Comprehensive geriatric assessment

All patients were assessed with the Comprehensive Geriatric Assessment (CGA) in person by two research assistants with medical management and nursing backgrounds based on a daily working within one week before initiation of chemotherapy. The CGA assessment dimensions in this study included: functional status [41, 42], cognition [43], nutrition [44], mood [45], social support [46], polypharmacy [25], comorbidity [47], and falls [24]. Based on our previous validation study using the same assessment tool in a Taiwanese adult cancer population, frailty in this study was defined as the presence of two or more frail conditions [48]. The assessment tools and cut-off points for each dimension are presented in Table 2.

Chemotherapy-related adverse outcomes, unexpected hospitalizations, and emergency department visits

In this study, chemotherapy-related adverse outcomes were evaluated within 3 months of treatment according to the Common Terminology Criteria for Adverse Events (CTCAE) version 4.0 [49] published by the National Cancer Institute (NCI).
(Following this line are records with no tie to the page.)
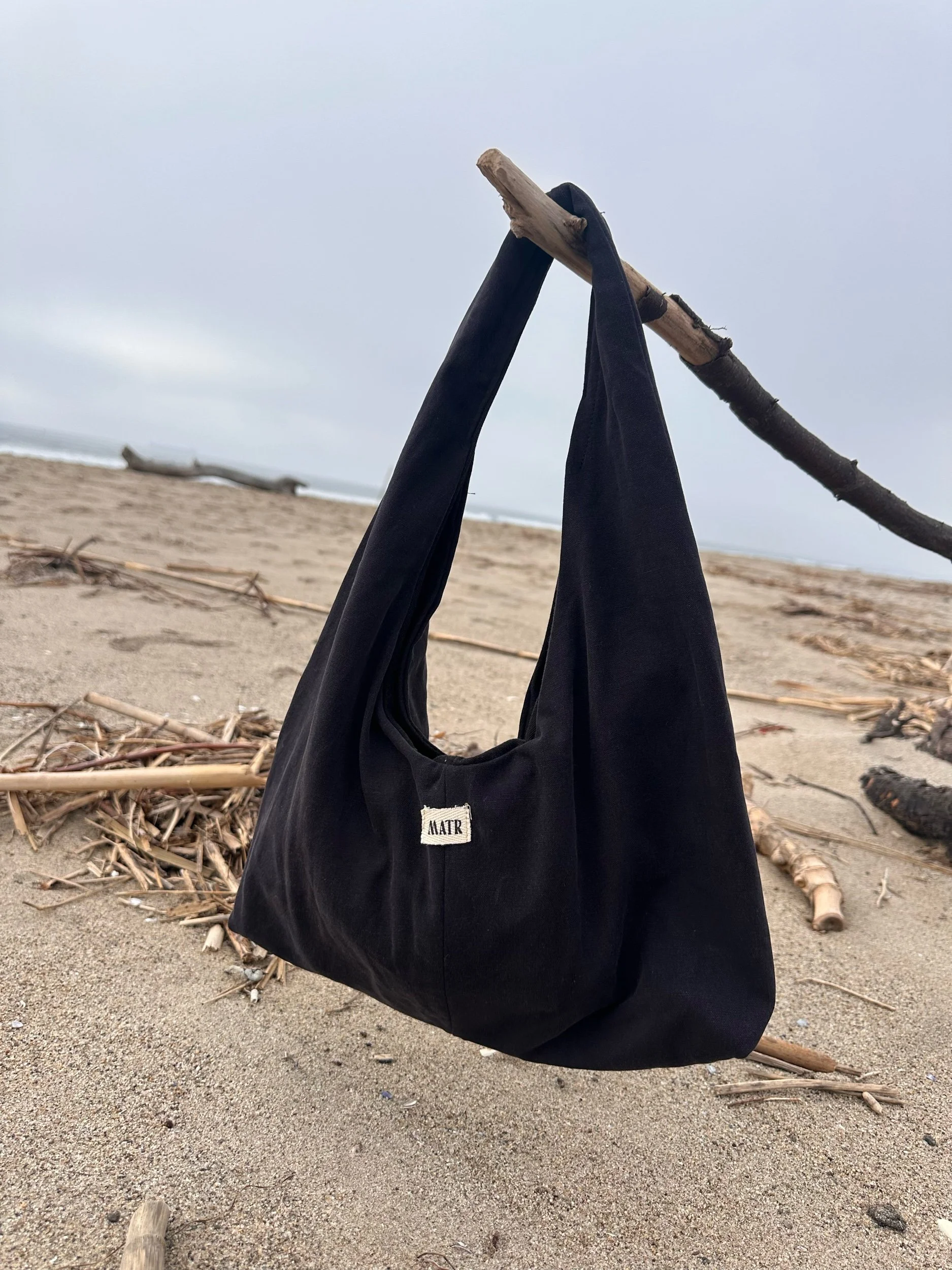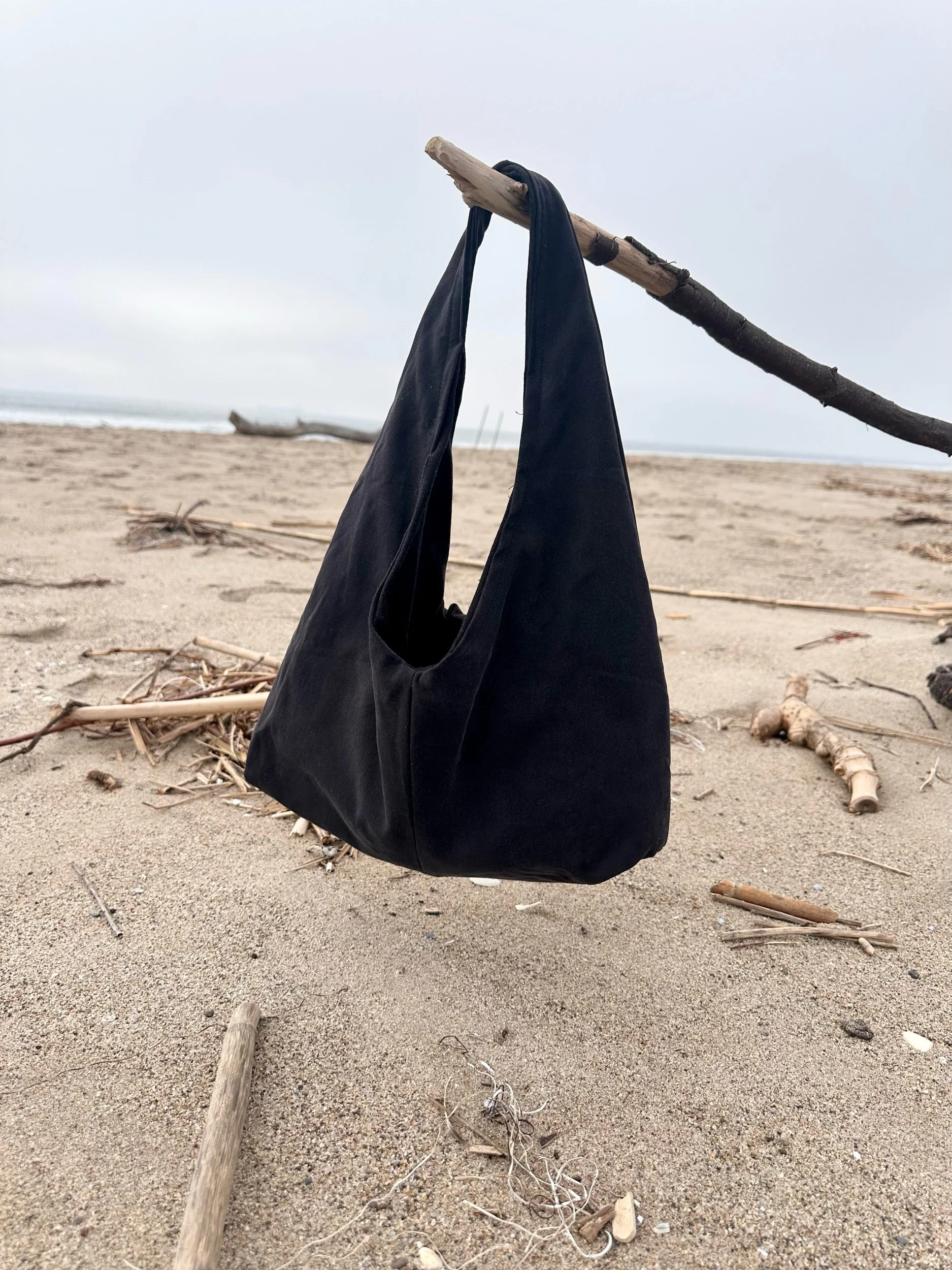 A small, sturdy tote made from upcycled durable pants fabric in classic navy, perfect for carrying your essentials—phone, notebook, pens, and more. The interior is lined with tough cotton, and an exterior cotton label is screen printed in-house at Noble Print House with water-based ink, adding a subtle, unique touch. Features an interior pocket for easy organization. Minimal, functional, and thoughtfully made from repurposed materials.
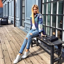 Variegated shirts, blouses and tops with a large geometric pattern, floral patterns, colorful lettering, etc. work well with such jeans.
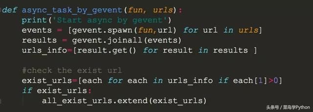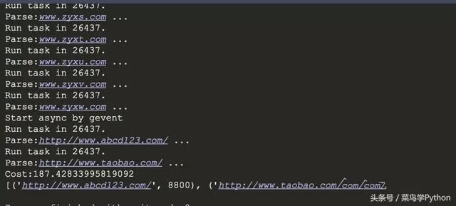 用gevent的spawn函数绑定一个需要多任务执行的函数地址和对应的传入的参数接着我们用joinall等待前面执行的事件结束即可,会返回一个微协程的结果result最后用result里面的get函数获取网页地址和对应的长度3).启动百万域名查询
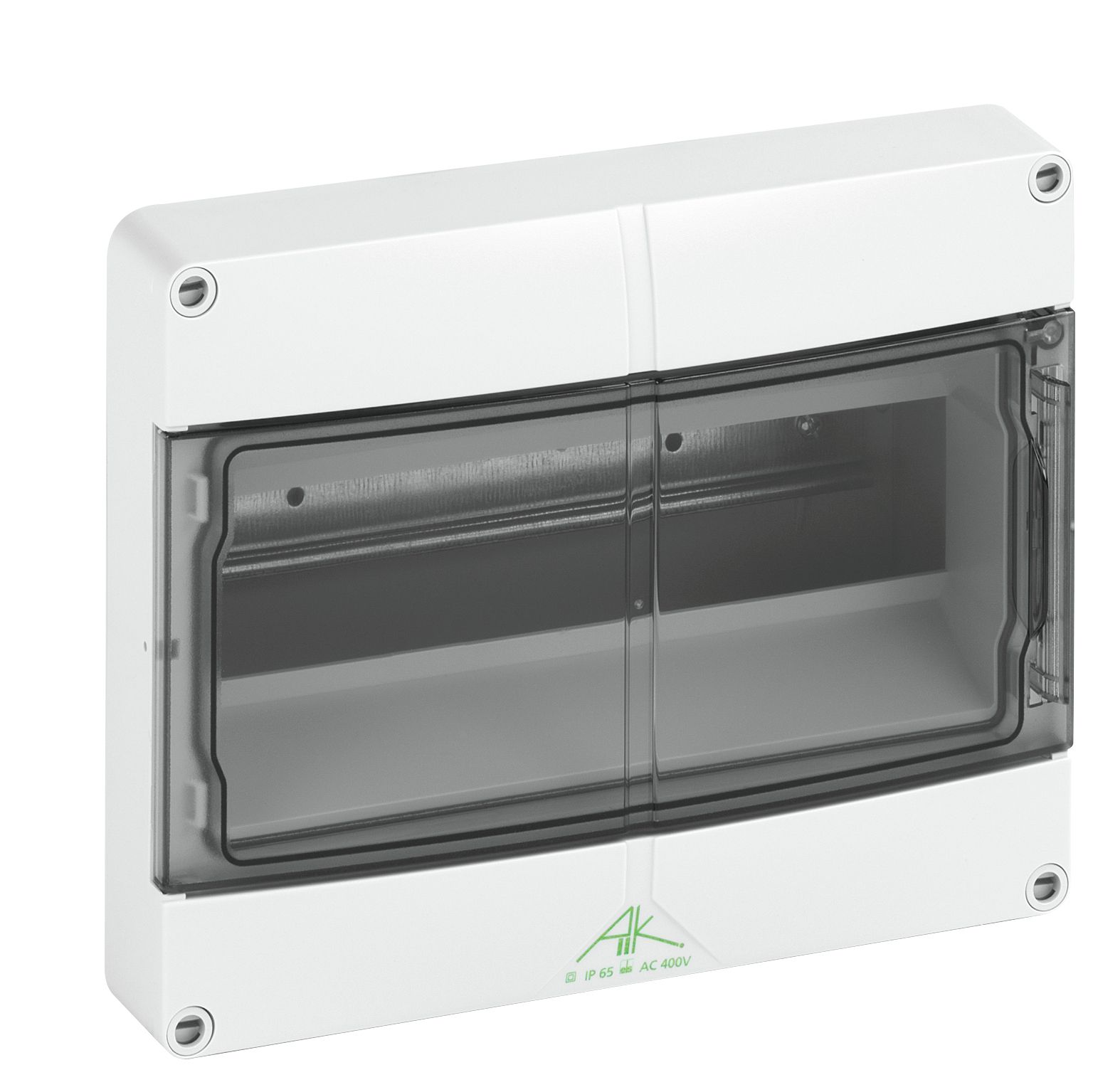 Kleinverteiler, mit Schutzart IP65, 1-reihig, 12 verfügbare Teilungseinheiten, Bemessungsbetriebsspannung: 400V AC, Bemessungsisolationsspannung: 1000V AC, 1000V DC, oben und unten metrische Vorprägungen für universelle Leitungseinführungen mit Kabelverschraubungen und / oder Doppelmembranstutzen, oben mit elastischen Einführungen DMS M20 vorbestückt, für die Standardinstallation im Innenbereich, mit PE/N-Klemmschiene mit jeweils 2 Klemmstellen 16mm² und 10 Klemmstellen 6mm² Abmessungen: 250 x 200 x 122mm Beigefügtes Zubehör: Doppelmembranstutzen: 1x M20, 1x M32, Verschlussstopfen, Abdeck- und Beschriftungsstreifen
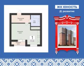 Продается 1-комнатная квартира 33,82 кв.м. на 1 этаже. ЖК "Юность" — комфортный ритм города, рядом с природой
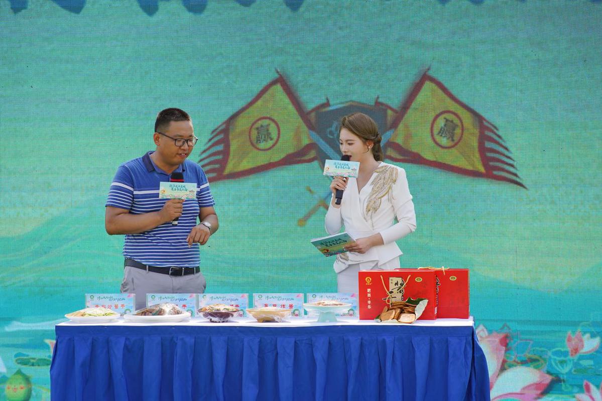除了舞蹈《只此丰乐》,在开幕式现场,丰乐镇4名企业家进行了打擂推介,秀出了自己的“招牌”。丰乐酱干、荷叶茶、花式足球等多个元素碰撞,共同诠释着“荷”主题,诠释着荷产业的兴旺撬动着乡村振兴。
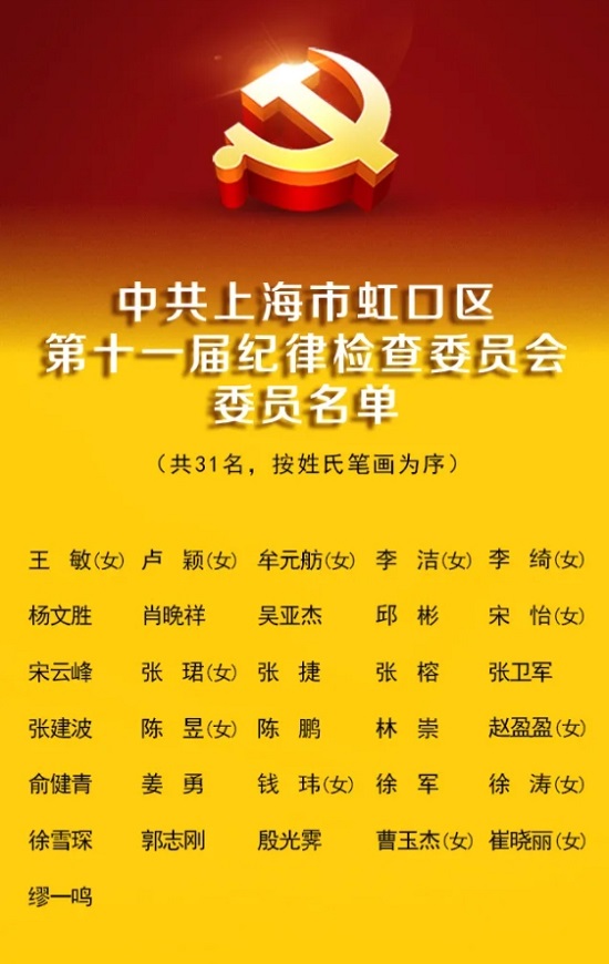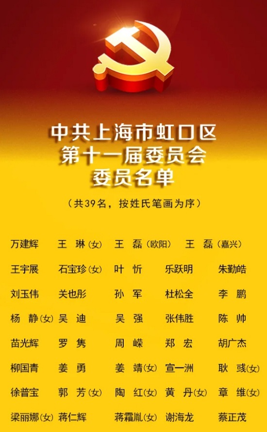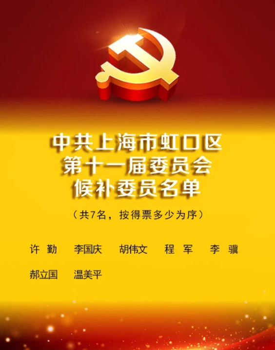 在大會監票人監督下,到會的348名代表以無記名投票方式,選舉出39名中共上海市虹口區第十一屆委員會委員、7名候補委員,選舉出31名中共上海市虹口區第十一屆紀律檢查委員會委員。

The CTCAE has five levels of severity, with a higher level indicating more severe side effects (toxicity) experienced by the patient. The study also collected data on whether patients had unexpected hospitalizations and emergency department visits within 3 months of treatment.

Statistical analysis

We adopted the chi-square test to analyze the correlation between basic patient attributes and frailty as well as the correlation between frailty and chemotherapy-related adverse outcomes. The variables showing significant correlations between frailty and chemotherapy-related adverse outcomes were then subjected to binary logistic regression analysis to understand the association between frailty and chemotherapy-related adverse outcomes, unexpected hospitalizations (yes/no), and emergency department visits (yes/no).

Chemotherapy-related adverse outcomes were analyzed in three different classifications: all grades (with/without toxicity), grades 1–2 (with/without grade 1–2 toxicity), and grades 3–4 (with/without grade 1–2 toxicity) to examine the performance of frailty according to different grades of toxicity. The data were analyzed using the SPSS 20.0 for Windows statistical software package, and all statistical analyses were two-tailed, with values of p < 0.05 considered statistical significance.

Ethics approval and consent to participate

This study was approved by the institutional review board of Chang Gung Memorial Hospital in August 2017 (ethic code: 1608080002) and has been conducted in compliance with the Helsinki Declaration (1996).

Availability of supporting data

The datasets used and/or analyzed during the current study are available from the corresponding author on reasonable request.

Author Contributions

Conception and design of study: YWH, WRT, SYC, CWC; Acquisition of data: YWH, SYC, SHL, JSC; Analysis and interpretation of data: YWH, SYC, WRT, YSH, CWC; Drafting of the manuscript: YWH, WRT, SYC, SHL, JSC, YSH, CWC.

Acknowledgments

The authors gratefully acknowledge the support from the Cancer Center of Chang Gung Memorial Hospital, Taoyuan, Taiwan.

Conflicts of Interest

The authors declare no conflicts of interest related to this study.

Funding

This research was not funded by any public, commercial, or nonprofit agencies.